LH: As far as glorious past histories go, doesn't that mean that the actual L.A. team of today should be called the "Brooklyn Dodgers of Los Angeles"? Heck, their pre-LA history is unquestionably more significant than their post-move history. And how about the New York Giants of San Francisco? The Angels play in Anaheim, sell tickets primarily in Orange County, and have been doing so for just slightly under half their history now, which is more than can be said for the Dodgers. On this view of things, it would seem only natural for the Dodgers to want to tap into the #1 media market in the country.

As for the Mets, I have bitter memories of being fleeced of a Don Mattingly rookie card for a couple of Pete Roses and a...Mookie Wilson. I have no idea what the either card is worth today, as I haven't been a collector in years -- although whatever more Mattingly's card might be worth on sentimental criteria, Wilson's the one with the ring. That's not to say I have anything against the Mets personally -- I rooted for them in the Subway Series. I plead guilty to reading Peter Gammons and Buster Olney, who both write about the Mets' struggling for the back pages of the tabloids. From that I took the impression that the Mets are subject to some of the same treatment afforded the White Sox.

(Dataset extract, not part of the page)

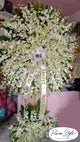 Elegantly arranged with White Orchids, Yellow or White Lilies, White dendrathemas, White anthuriums, fillers and foliage
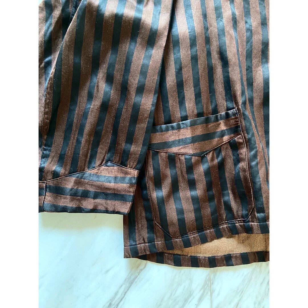 Euro vintage brown & black stripe shark collar 3-pocket pajama shirt

Chris: No disrespect intended. But team location is determined by a couple of things (not least including local governments' willingness to pony up), and I drew on general beliefs about media market size to make those comments. I think they're justified to some extent.

Here's Nielsen's most recent estimate of TV market sizes, current as of September '04. Charlotte and Raleigh-Durham are both bigger markets than Nashville, albeit not hugely so. Memphis, however, is down at #44, right by New Orleans (perhaps this means that Memphis residents have better things to do than watch TV). Eyeballing the data, it appears that just about all pro teams are in the top 50 media markets (except for Green Bay), and no state with multiple teams has a team located in a market smaller than #39, while the biggest markets in those states are all in the top 20. There are, of course, other factors like the willingness of the community to buy tickets (which has cost San Diego 1 1/2 NBA teams by my reckoning), and you're probably right that Tennesseeans would be a lot more likely to support two teams from that standpoint than people from many other states. But the teams would be more parasitic on each other's media markets than even D.C./Baltimore/Philly is now.

Of course, Los Angeles is only as big as it is because they've lumped Orange County in with it. Bastards.


I was being mostly facetious, so the response to the sports post, at least on my part, is because I think it's funny. The Angels' new name is absurd. Maybe they should start including the teams' former locations in names? We could have the Boston Milwaukee Atlanta Braves, or the Washington Texas Rangers, not to mention the St. Louis Arizona Cardinals from Hell (and what if they had called the Expos the San Juan Expos of Montreal?)

language hat

From that I took the impression that the Mets are subject to some of the same treatment afforded the White Sox.

Well, I can't argue with that. But I can froth and spew vitriol!